Подруга дочери Салтыкова Лизы Софья Унковская вспоминала, как после уроков в гимназии Лиза подошла к ней и сказала: ‘Папе очень плохо, надежды никакой нет, зайди к нам, если хочешь’. Я прямо из гимназии с книгами в руках вошла к ним в гостиную. Он сидел посреди комнаты в своем кресле-качалке, и на всю комнату раздавалось его необыкновенно частое дыхание. Глаза были плотно закрыты, голова откинута на спинку кресла, исхудавшие руки лежали на коленях и по временам вздрагивали, никакого признака сознания… Через два часа его не стало. Это было 28 апреля в четыре часа дня’.
ЗАКЛЮЧЕНИЕ
Однажды, употребив в разговоре крепкое словцо, Салтыков сказал о себе: ‘Да, я мужик!’ Он мог бы прибавить: таким меня и принимайте. И действительно, не только в характерном, насмешливом и точном слове, но и в самой внешности Салтыкова, особенно к старости, было что-то простонародное, крестьянское. Изможденное лицо, упорный, самоуглубленный, проницательный взгляд — это был взгляд умудренного, постигнутого многими жизненными невзгодами и трудами простого русского человека. Это было лицо, как бы воплотившее в себе мудрость, страдания и веру великого народа.
Но, как всегда, понимал Салтыков эту веру по-своему.

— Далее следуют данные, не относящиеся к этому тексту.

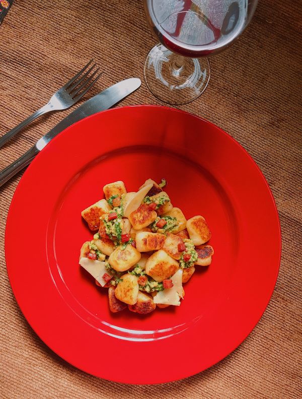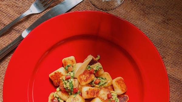 - Nos pratos, coloque os nhoques selados, regue um pouco do pesto, encaixe as lascas de parmesão e salpique com os cubos de bacon crocantes. Caso opte uma versão vegetariana, você pode substituir o bacon por cogumelos refogados.
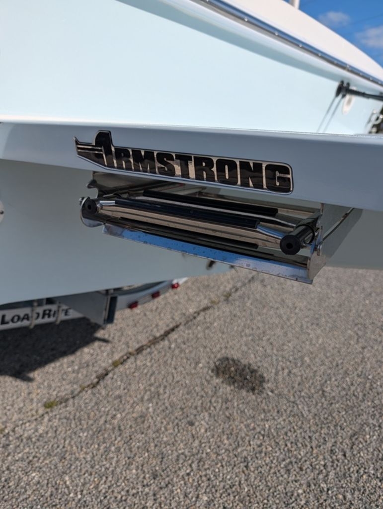 2100 Privateer in Ice Blue with white interior, custom built hard top with white powdercoating, custome ice blue stitching in upholstery, upgraded rod/cup holders, Armstrong Bracket with swim ladder, upgraded white rub rail with stainless insert, upgraded livewell leaning post with seat, forward U-Shaped seating, upgraded SeaStar hydraulic steering, Atlas 4' jackplate, dual batteries with switch, and switch panel.
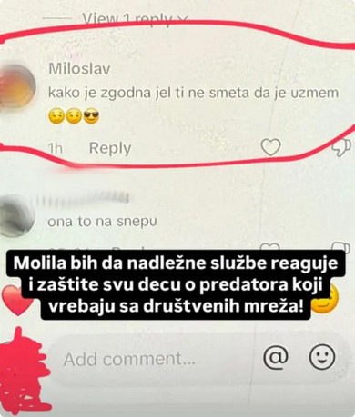 – Ljudi moji, važno obaveštenje. Pedofil sa TikToka, koji piše u komentarima na istom mom jedanaestogodišnjem detetu komentare o tome kako je zgodna! I na sve to i jedno muškom detetu koje se slika sa njom – da li može da je ukrade! Ukoliko neko zna ko je ovaj čovek, molim vas da mi se javi – istakla je Aleksandra, pa dodala:
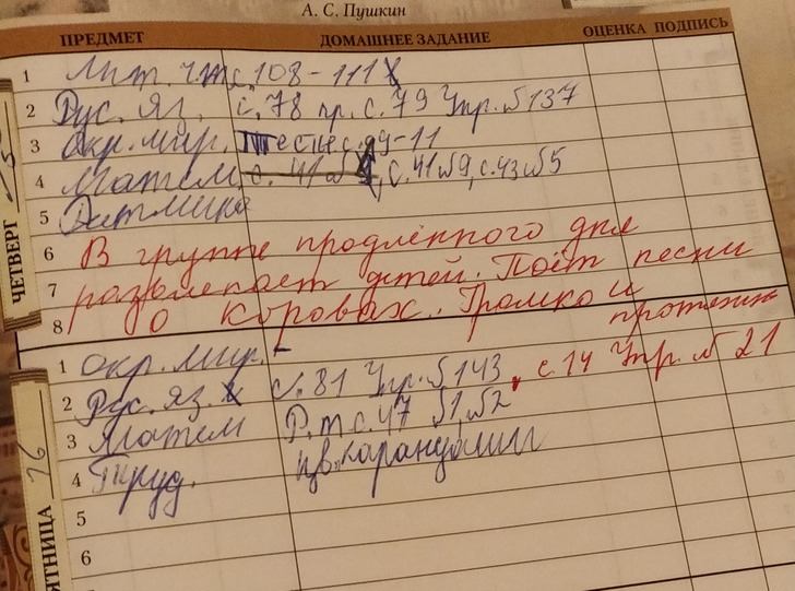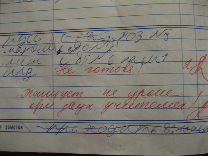 - У меня было замечание «улыбалась на уроке» и рядом огромная «двойка» и подпись учителя на пол страницы. Через неделю однокласснице написали в дневнике «грустила на уроке, 2!»
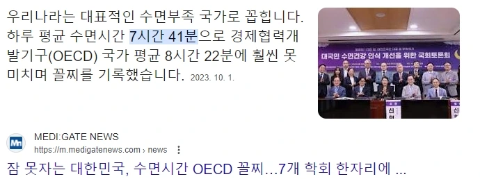 3. 그럼, 대한민국 국민의 평균 수면 시간은 몇 시간이나 될까?

Его часто мучила и даже раздражала пассивная покорность русского мужика своей от века сложившейся судьбе, его ‘бедность сознанием’. Прочитав как-то (это было в 1885 году) отрывки из ‘Исповеди’ Льва Толстого (полностью ‘Исповедь’ тогда еще не была в России напечатана), Салтыков задумался о действительной ‘вере’ русского крестьянина. Та ли это вера, которую так упорно отстаивали раскольники, та ли это вера, на которую уповали Толстые и Достоевские, там ли они ее искали? Во что верит русский мужик, с непреоборимым упорством и бесконечным самоотвержением возделывающий свою землю? Что дает ему силу нести свой тяжкий крест?
И надо ли возводить непробиваемую стену между верой мужика и верой русского истинно ‘культурного человека’, человека мысли и сознания?
‘Всего обиднее тут ссылка на народ, — писал Салтыков по поводу толстовской ‘Исповеди’, — народ вовсе не думает о самосовершенствовании… а просто верует. Верует в три вещи: в свой труд, в творчество природы и в то, что жизнь не есть озорство. Это и вера и в то же время дело, то есть дело в форме, доступной народу’. Такой же была и вера Салтыкова: непреклонная вера в то, что жизнь не есть озорство, что жизнь дана человеку, чтобы честно и истово совершить свое дело, свой труд. Такая жизнь требует ясного сознания и ответственности, если надо — самоотречения и жертвы. Она захватывает всего человека.
Главным делом жизни стало для Салтыкова литературное дело. В последнем своем письме — завещании сыну он так и писал: ‘Паче всего люби родную литературу и звание литератора предпочитай всякому другому’.
Михаил Евграфович Салтыков прожил, в общем, не столь уж длинную жизнь, — в особенности если сравнить его с такими писателями, как, например, Гончаров или Лев Толстой. За три с небольшим месяца до смерти, ему исполнилось всего лишь шестьдесят три года.
И тем не менее это была долгая жизнь, ибо вся она до предела отдавалась неустанной, не прерывавшейся буквально ни на мгновение, литературной работе, общественной и редакторской деятельности, а, главное, была насыщена постоянным, ярчайшим горением беспокойной мысли — все более проникновенной, глубокой и беспощадно трезвой, имевшей в предмете своем лишь одно — искание истины.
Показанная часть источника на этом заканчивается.